Officials insisted that the system can not be used for political purposes. FEMA also assured users that it could not track the location of mobile phone users through the alert system.

Nobody with a mobile phone can withdraw from presidential alerts.

The test of wireless emergency alert system messages is being conducted by FEMA in coordination with the Federal Communications Commission, FEMA said in a statement posted on its website on Thursday.

In next week's test, everyone will receive a message that looks like a text and will be titled "Presidential Alert," FEMA said.

Users whose service providers participate in the test, whose phones are within range and within reach of a cell tower, will hear a tone and vibration first – twice. Everyone will receive this message in English: "THIS IS A TEST of the national wireless emergency alert system. No action is necessary. "

More than 100 mobile operators are taking part in the test at 14h18 Eastern Time on Thursday 20 September.

The system is the latest generation of warnings at a time when more people are usually connected to their cell phones at once than radios or televisions. Emergency alerts will also continue to be broadcast on the NOAA weather radio, news bulletins, the emergency alert system on radio and television programs, and outdoor sirens.

Two minutes after the WEA tests, FEMA will also test the nationwide warnings of the emergency alert system, similar to the old emergency broadcast system and sending alarms. radio and television alerts.
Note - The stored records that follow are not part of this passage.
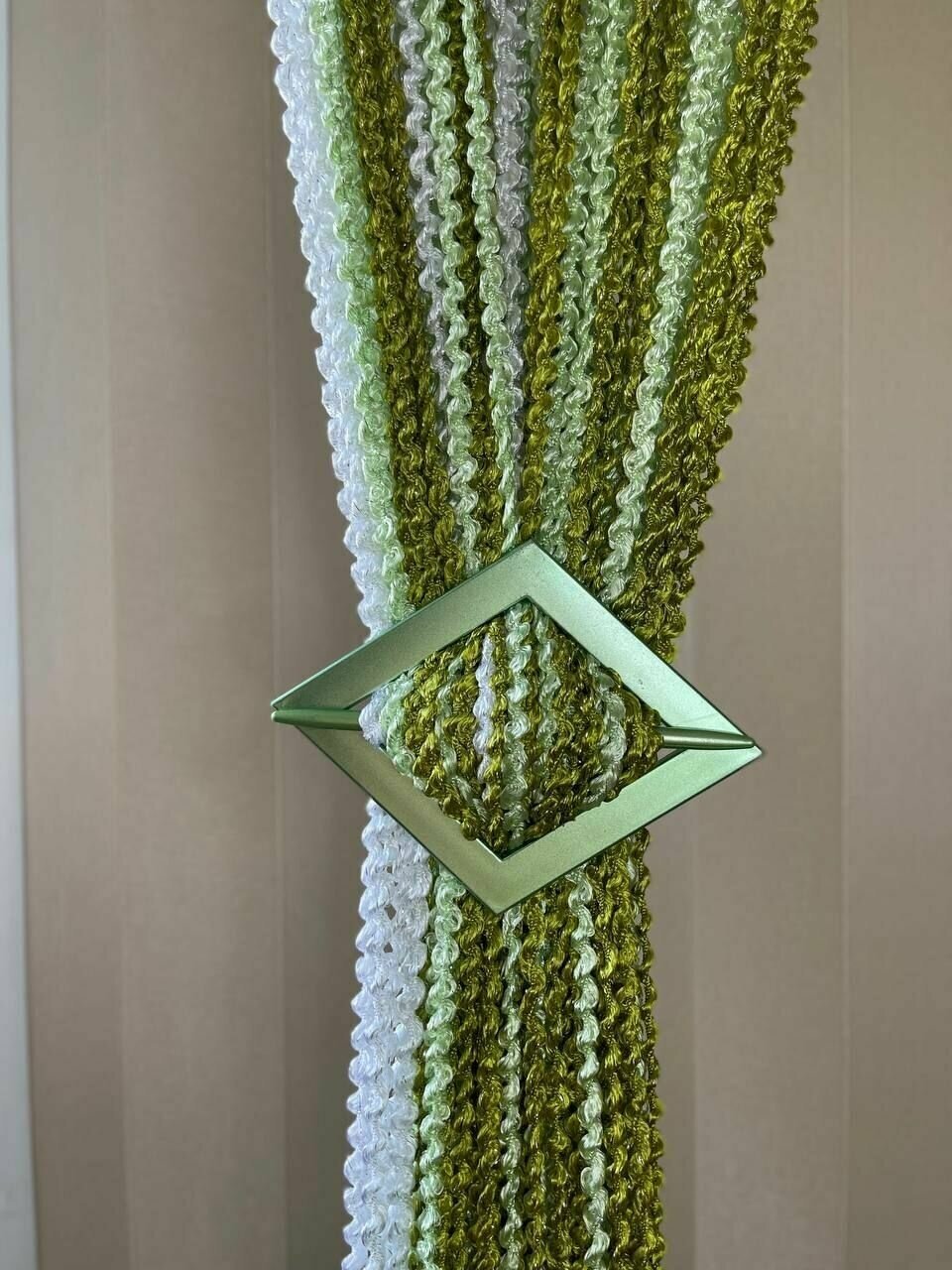 СохранитьНитяные шторы кисея, тюль спиральки макарони для кухни зеленые белые салатовые 300x300 см интересное:
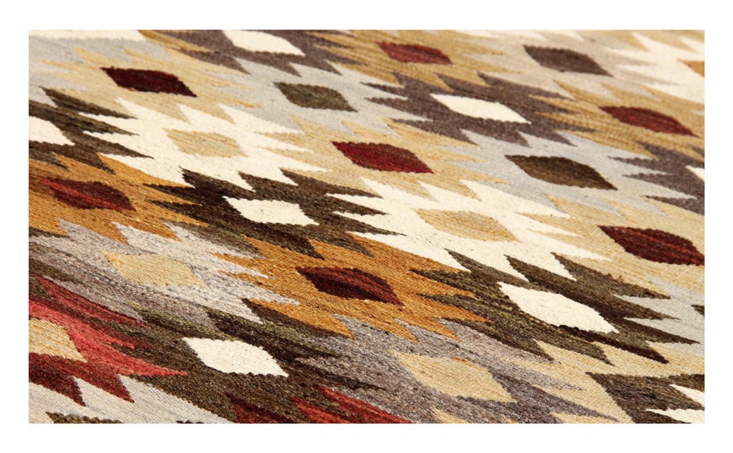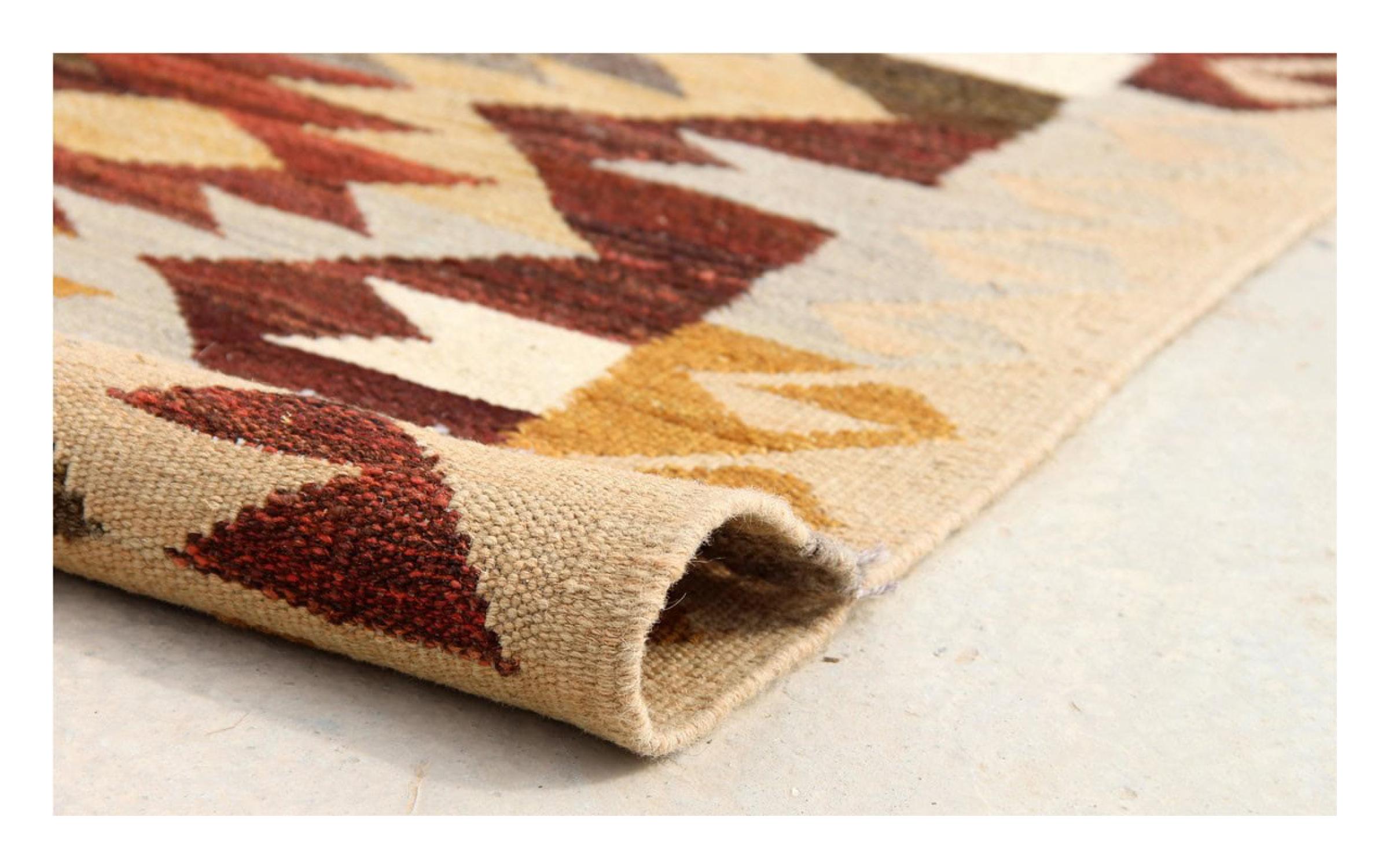 This rug was made as a flat weave by hand on a loom. Flatweave is the term used to describe rugs that have no pile. As the name promises, these rugs are woven and not knotted. This results in a flat rug with a structured surface. Flatweaves are not as soft and usually thinner than knotted rugs. At the same time they are much less complex to manufacture and can usually be laid out from both sides (front and back). Their patterns are usually geometric, which is determined by the fabric.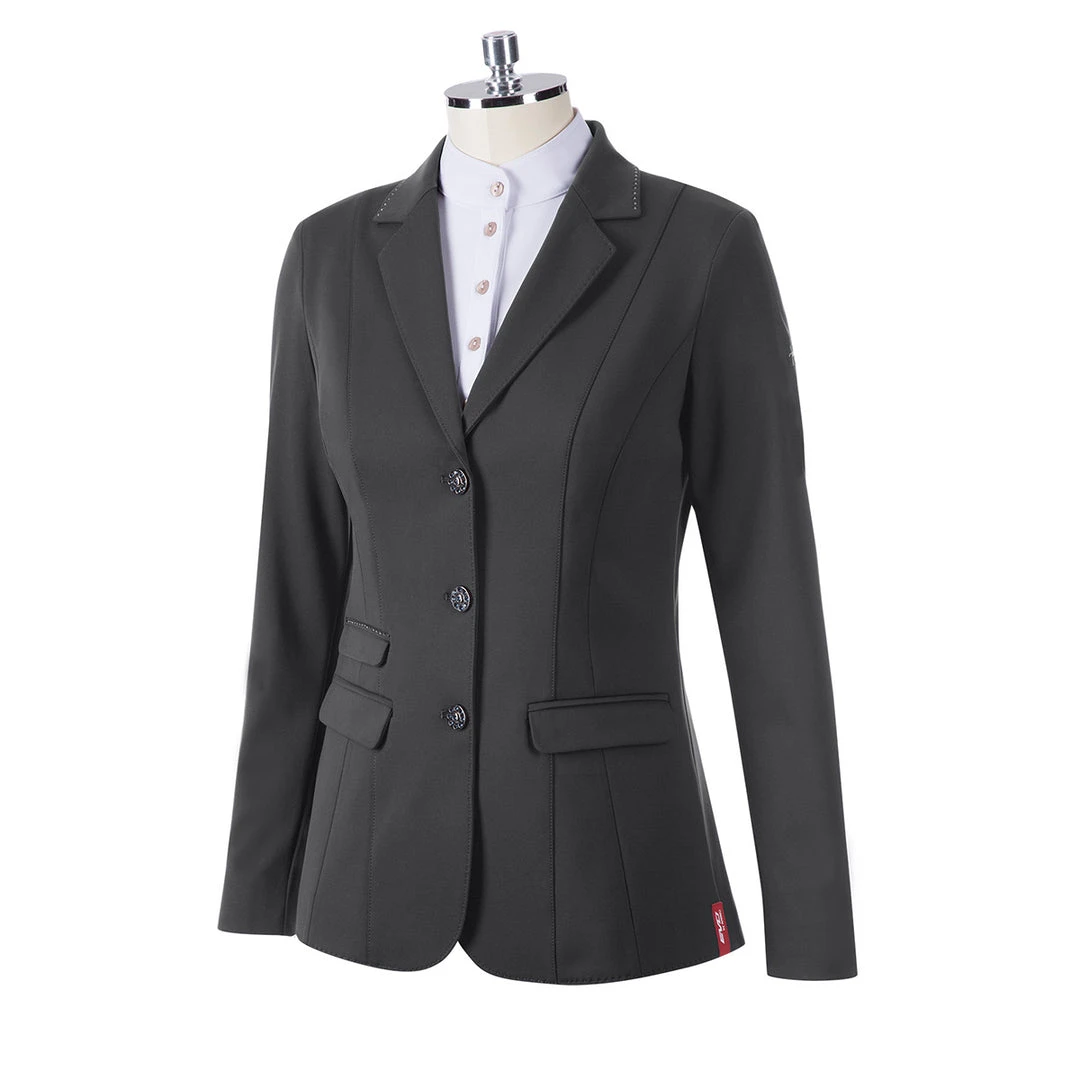 - Small crystal detailing adorns the jackets collar, pockets, and back seam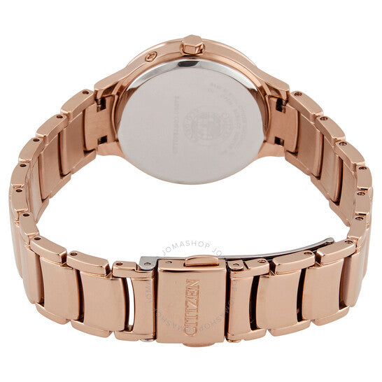 علبة وسوار من الفولاذ المقاوم للصدأ بلون الذهب الوردي. إطار ثابت بلون الذهب الوردي. ميناء من عرق اللؤلؤ مع عقارب مضيئة بلون الذهب الوردي وعلامات ساعات. يظهر الرقم الروماني عند موضع الساعة ١٢. علامات الدقائق. مدن التوقيت العالمي حول الحافة الخارجية. نوع الميناء: تناظري. عقارب مضيئة. عرض التاريخ عند موضع الساعة ٣. حركة سيتيزن عيار H246 إيكو-درايف. كريستال ياقوتي مقاوم للخدش. غطاء خلفي صلب. شكل دائري. حجم العلبة: ٣٠ مم. سُمكها: ٨.٥ مم. مشبك قابل للطي مع مفتاح أمان. مقاومة للماء حتى عمق ٥٠ مترًا / ١٦٥ قدمًا. الوظائف: إيكو-درايف، تقويم دائم، تحكم لاسلكي، توقيت عالمي، تاريخ، ساعة، دقيقة، ثانية. طراز ساعة رسمية. ملصق الساعة: Japan Movt. ساعة سيتيزن إيكو-درايف بيربتشوال وورلد تايم نسائية EC1173-87D.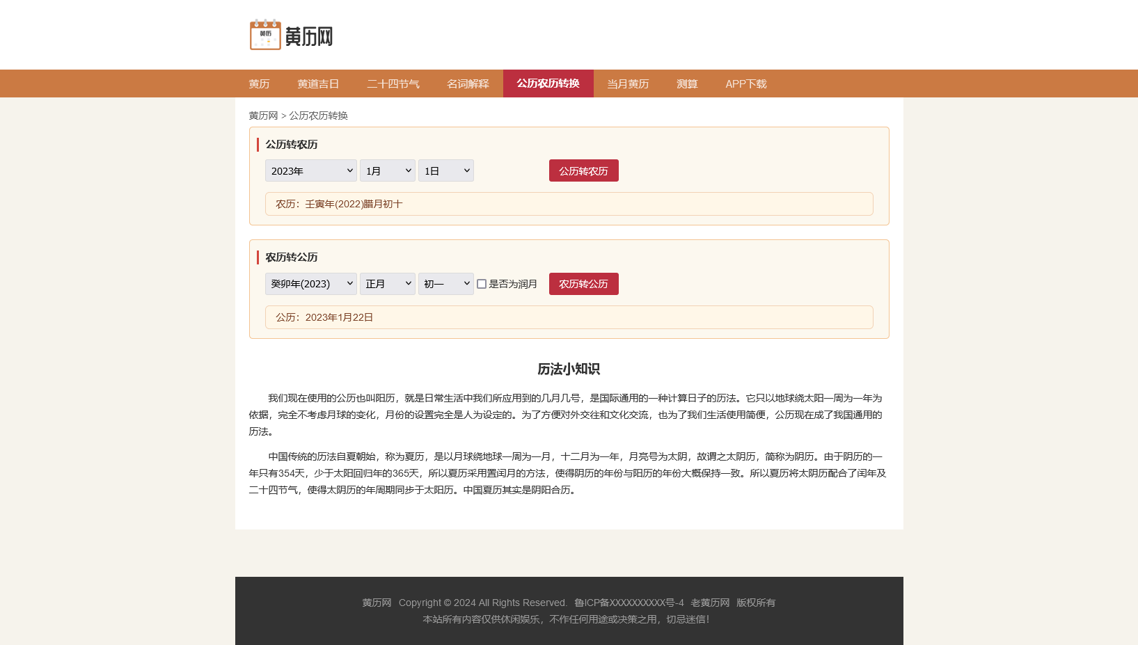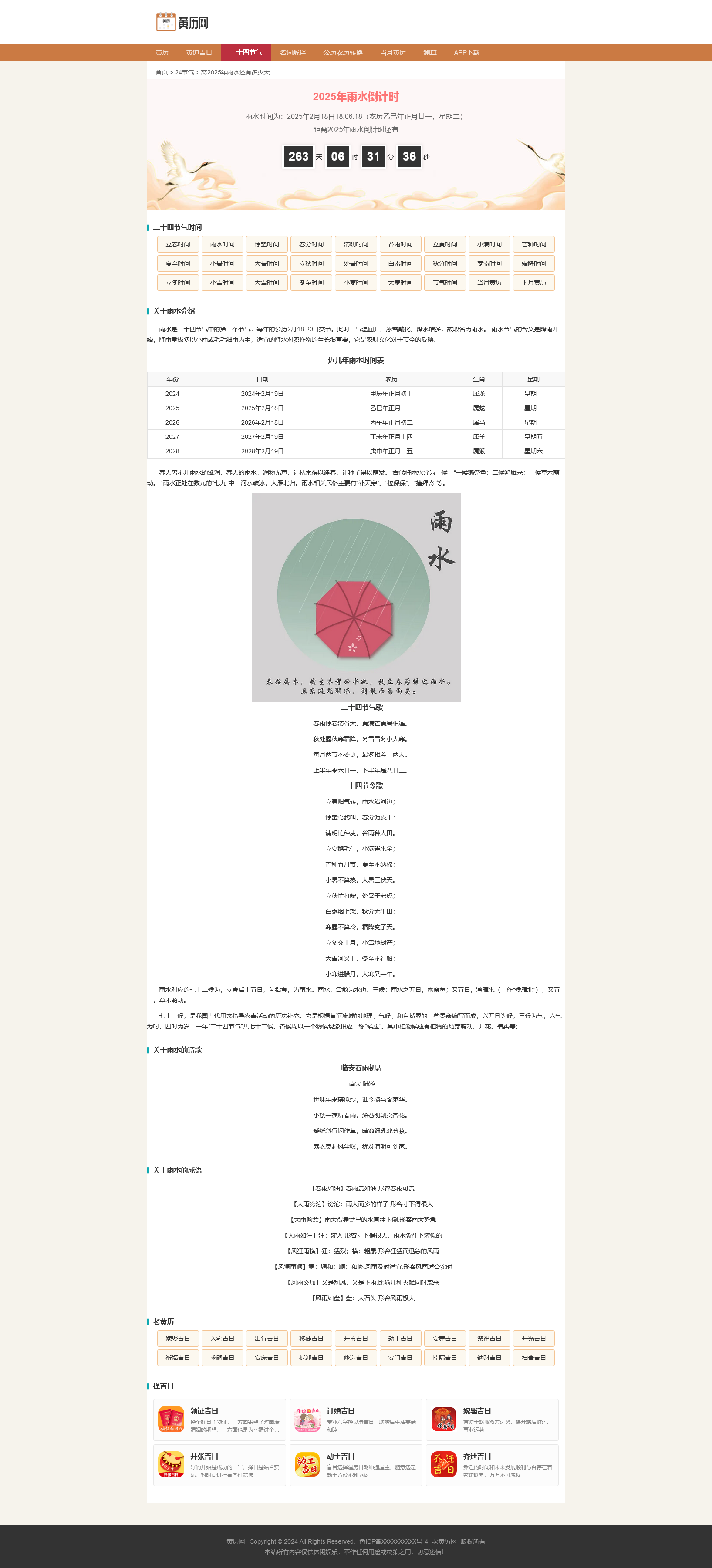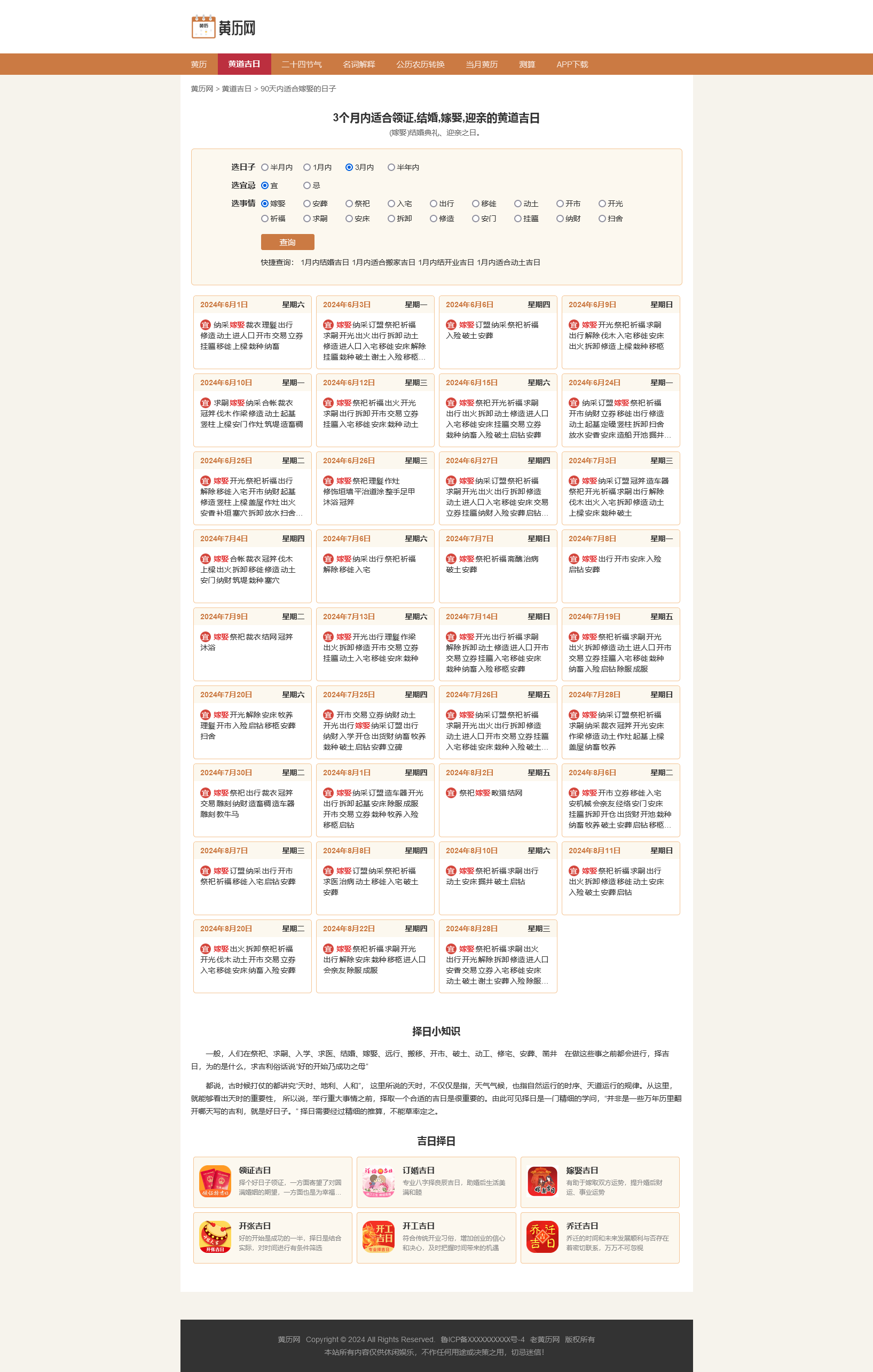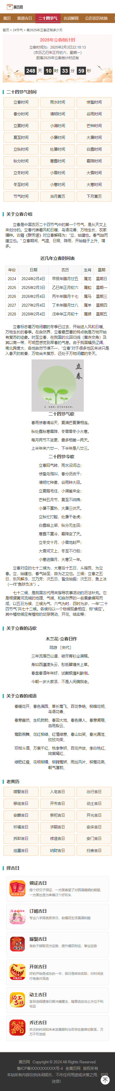 - 2、首页增加二十四节气、当年每月日历表、当月黄道吉日、近期黄道吉日的汇总导航。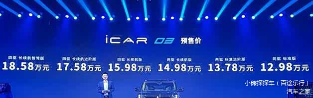 在今年4月份,奇瑞发布了全新的新能源品牌iCAR,在之后的上海车展上,iCAR品牌的首款车型iCAR03也首度亮相,新车定位纯电动硬派风格的SUV。近日,奇瑞发布了这辆全新的iCAR03的预售价格,预售价格区间为12.98-18.58万元。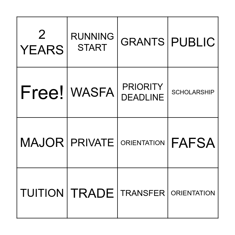 This bingo card has 16 words: TRADE, FAFSA, GRANTS, 2 YEARS, MAJOR, RUNNING START, ORIENTATION, TRANSFER, Free!, WASFA, TUITION, PUBLIC, PRIVATE, SCHOLARSHIP, PRIORITY DEADLINE and ORIENTATION.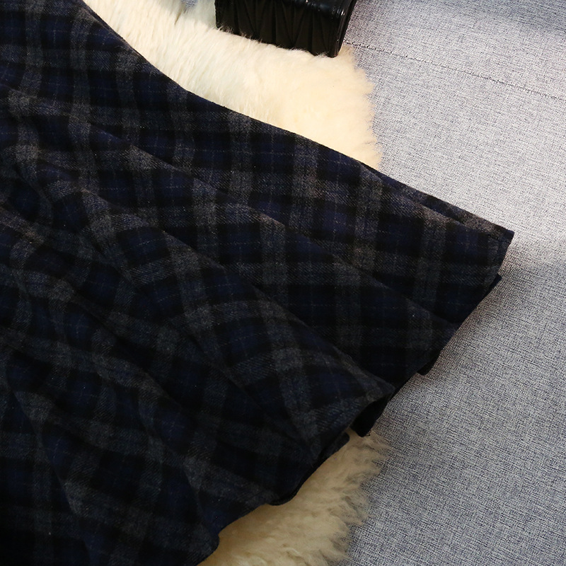 三标齐全 天猫品质 五线打边 斜纹蓝灰格纹磨毛半身裙秋冬加厚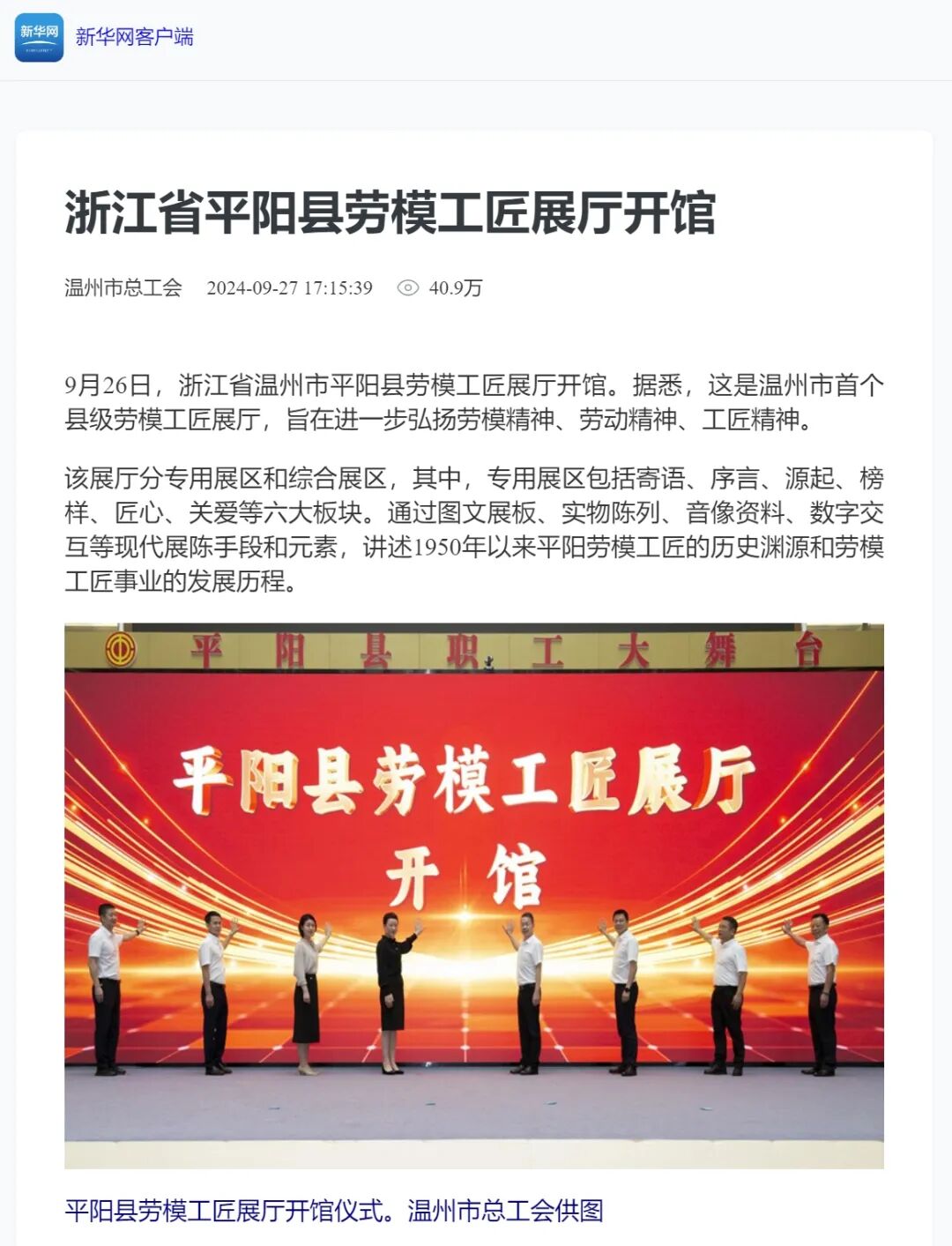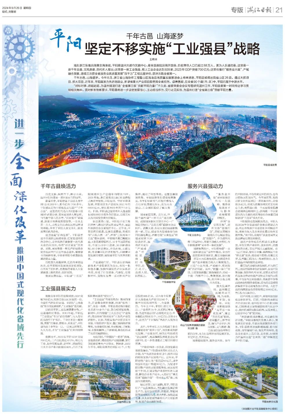 9月26日,《浙江日报》专版报道《千年古邑 山海逐梦 平阳 坚定不移实施“工业强县”战略》

The 2015 law authorizing the WEA system allows sending warnings only in the event of "natural disaster, act of terrorism or other human-caused disaster or threat to public safety," noted NBC News.

"If you separate that from the politics and personality of any president, then it's a great idea and an incredible use of technology to reach everyone if they're in danger," Karen North, director of Annenberg's digital social media program at the University of Southern California, told NBC.